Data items
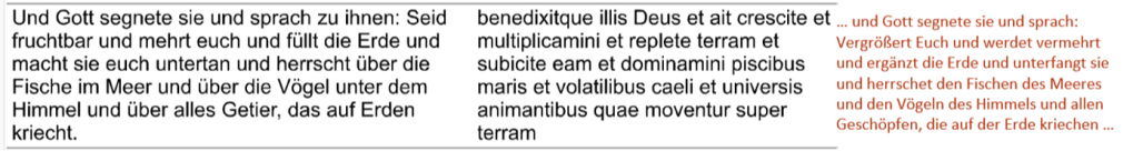 Nachfolgend findet sich eine Gegenüberstellung der herkömmlichen (lutherischen) Übersetzung des 28. Verses des 1. Kapitels der Genesis, dessen lateinischen Textes, und meiner Übersetzung (in rotbraun).
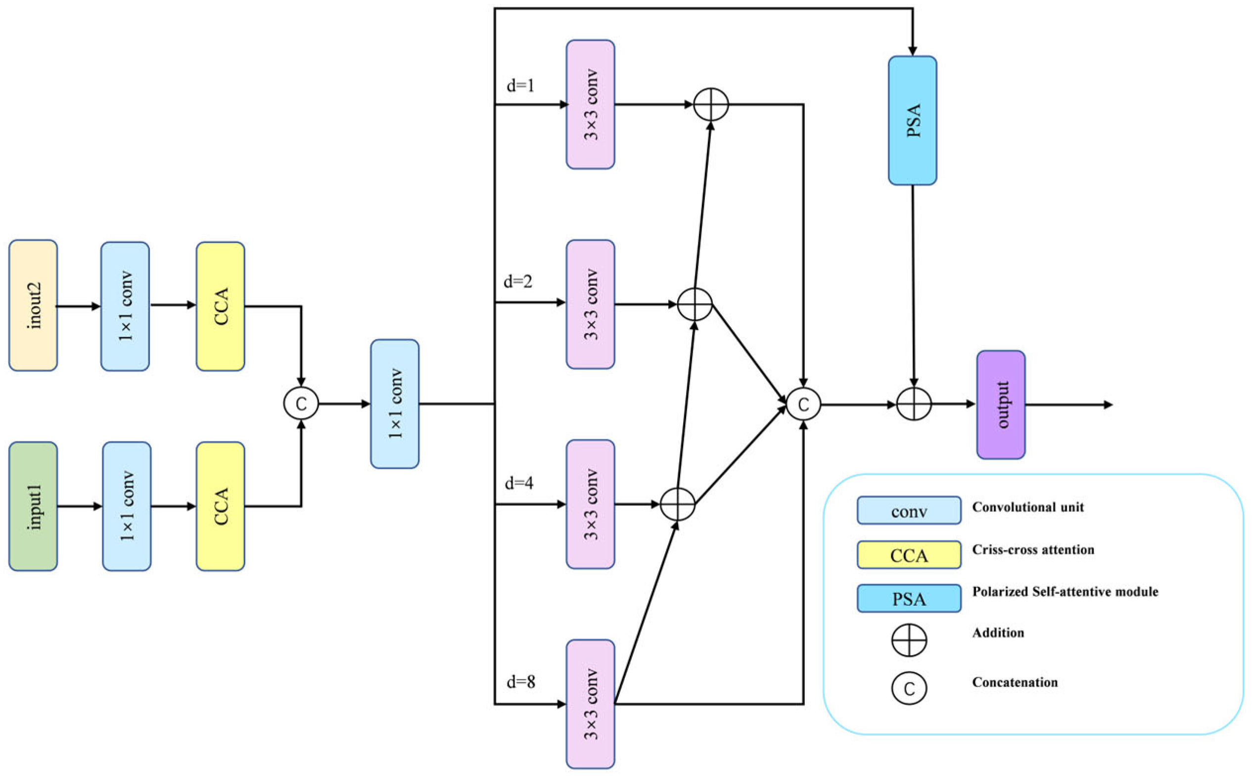 - A multi-scale feature fusion attention module called MFA is proposed. This module refines and enriches backbone features through convolutional branches of different receptive fields, thereby integrating more comprehensive local and global information.
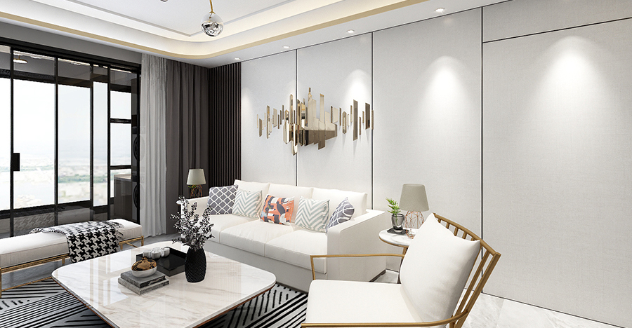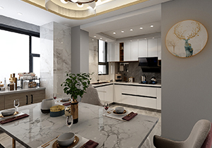 這座位于臥龍墨水湖邊的140㎡三居室住宅的結構相對比較方正規整,結構缺陷比較小,最大的空間問題在于客廳區域與就餐區域的面積不夠大,因此設計師在進行規劃設計的時候僅借助視覺的分隔來起到空間劃分的作用,以從視覺上起到放大整個家居空間的作用。而玄關處則是借用簡單的裝飾設計,來緩解空間面積不大所帶來的壓抑感。
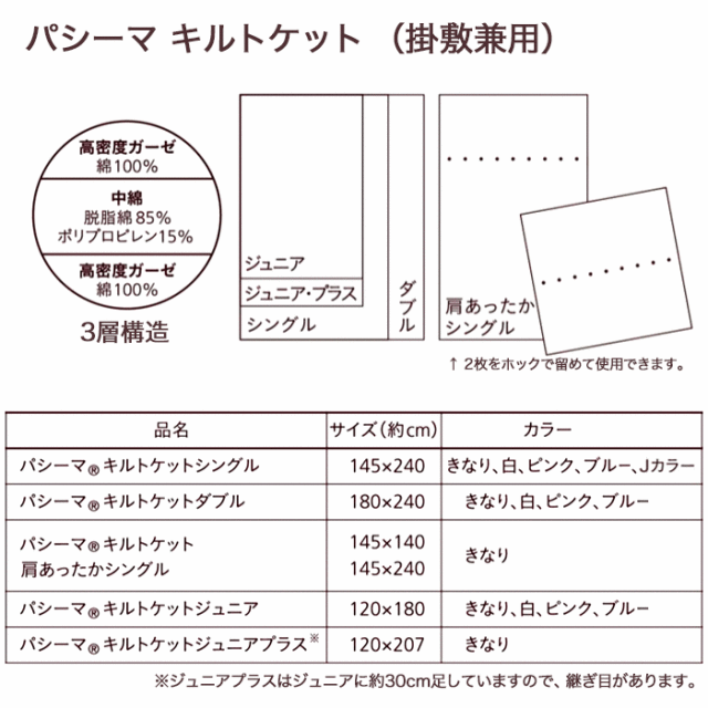 パシーマ Jカラー キルトケット シングル
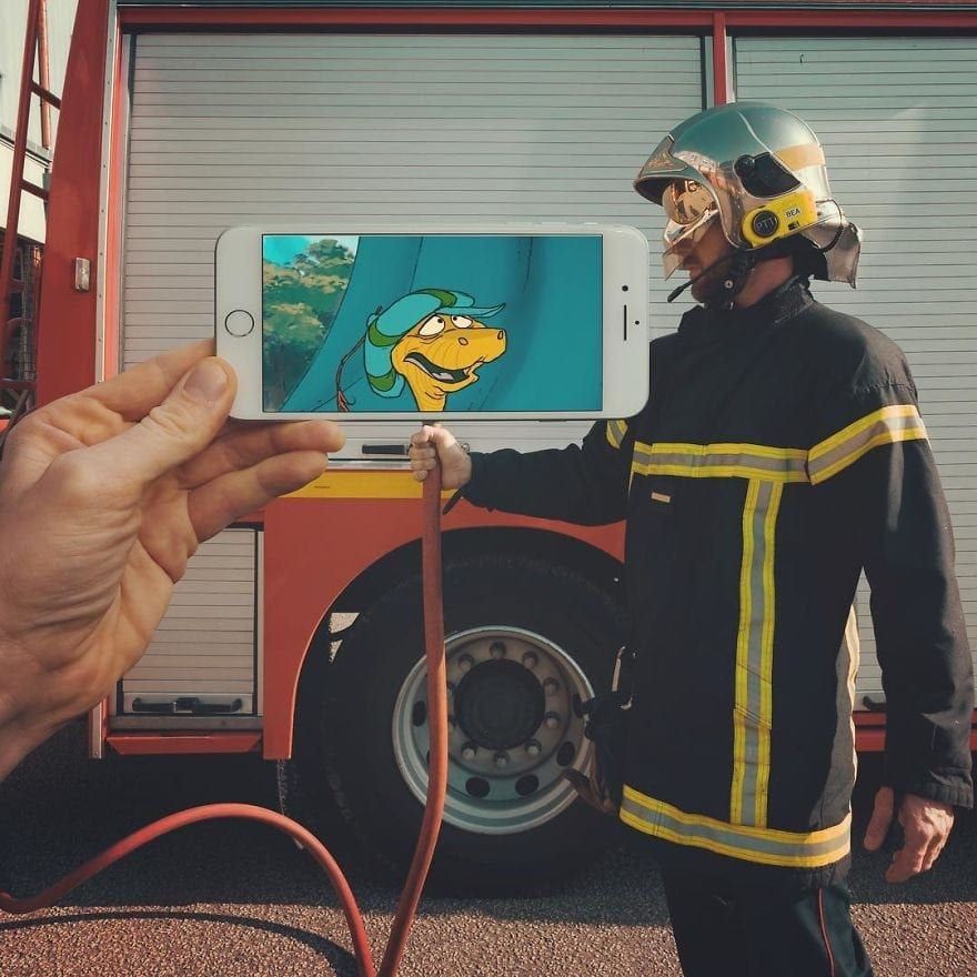 Artist Francois Dourlen has come up with an ingenious and amusing way of combining iconic film and cartoon characters with everyday life.
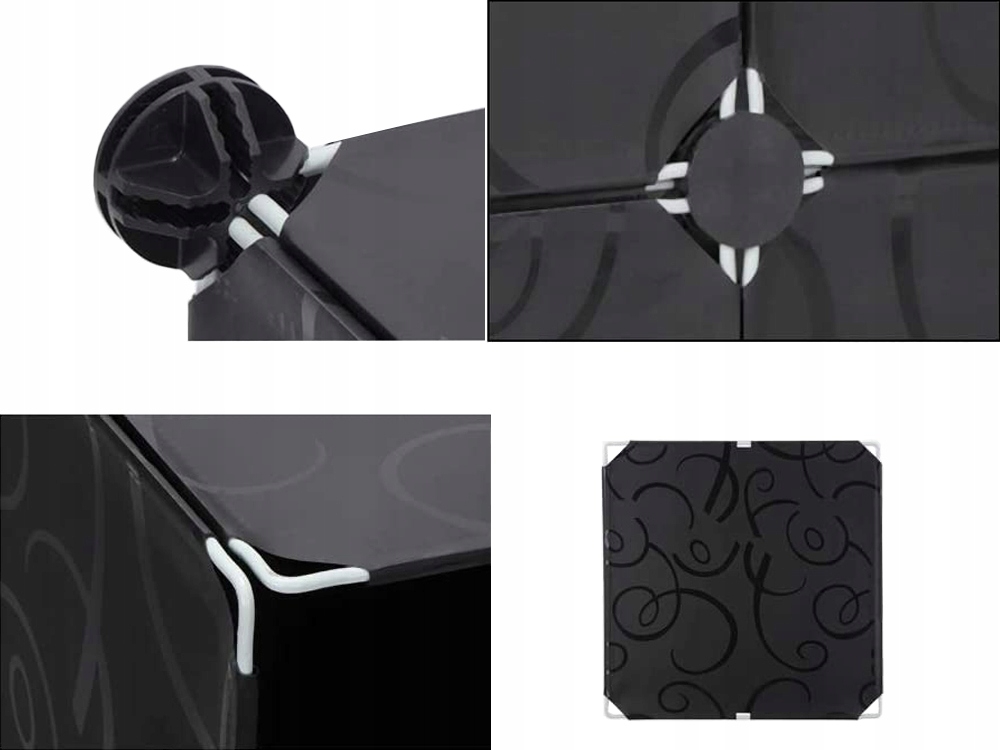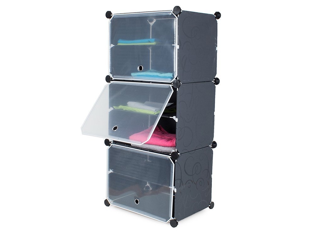 Ma 3 segmenty, które można ustawiać jeden na drugim lub umieścić obok siebie, w zależności od potrzeb i dostępnej przestrzeni. Jest lekka i stabilna. Dzięki modułowej konstrukcji jest bardzo łatwa do złożenia. Wystarczy połączyć metalowe ramy z łącznikami. Szafka ma przezroczyste okienka, aby szybko znaleźć to, co potrzebujesz wyjąć, i można je również zamontować tak, aby otwierały się w górę lub w dół. Materiał, z którego jest wykonana szafka, jest wodoodporny i łatwy do czyszczenia.

■ **PROMPT**: Return every line of the data above exactly, and omit all pictures.

■ **ANSWER SPACE**:
 Nachfolgend findet sich eine Gegenüberstellung der herkömmlichen (lutherischen) Übersetzung des 28. Verses des 1. Kapitels der Genesis, dessen lateinischen Textes, und meiner Übersetzung (in rotbraun).
 - A multi-scale feature fusion attention module called MFA is proposed. This module refines and enriches backbone features through convolutional branches of different receptive fields, thereby integrating more comprehensive local and global information.
 這座位于臥龍墨水湖邊的140㎡三居室住宅的結構相對比較方正規整,結構缺陷比較小,最大的空間問題在于客廳區域與就餐區域的面積不夠大,因此設計師在進行規劃設計的時候僅借助視覺的分隔來起到空間劃分的作用,以從視覺上起到放大整個家居空間的作用。而玄關處則是借用簡單的裝飾設計,來緩解空間面積不大所帶來的壓抑感。
 パシーマ Jカラー キルトケット シングル
 Artist Francois Dourlen has come up with an ingenious and amusing way of combining iconic film and cartoon characters with everyday life.
 Ma 3 segmenty, które można ustawiać jeden na drugim lub umieścić obok siebie, w zależności od potrzeb i dostępnej przestrzeni. Jest lekka i stabilna. Dzięki modułowej konstrukcji jest bardzo łatwa do złożenia. Wystarczy połączyć metalowe ramy z łącznikami. Szafka ma przezroczyste okienka, aby szybko znaleźć to, co potrzebujesz wyjąć, i można je również zamontować tak, aby otwierały się w górę lub w dół. Materiał, z którego jest wykonana szafka, jest wodoodporny i łatwy do czyszczenia.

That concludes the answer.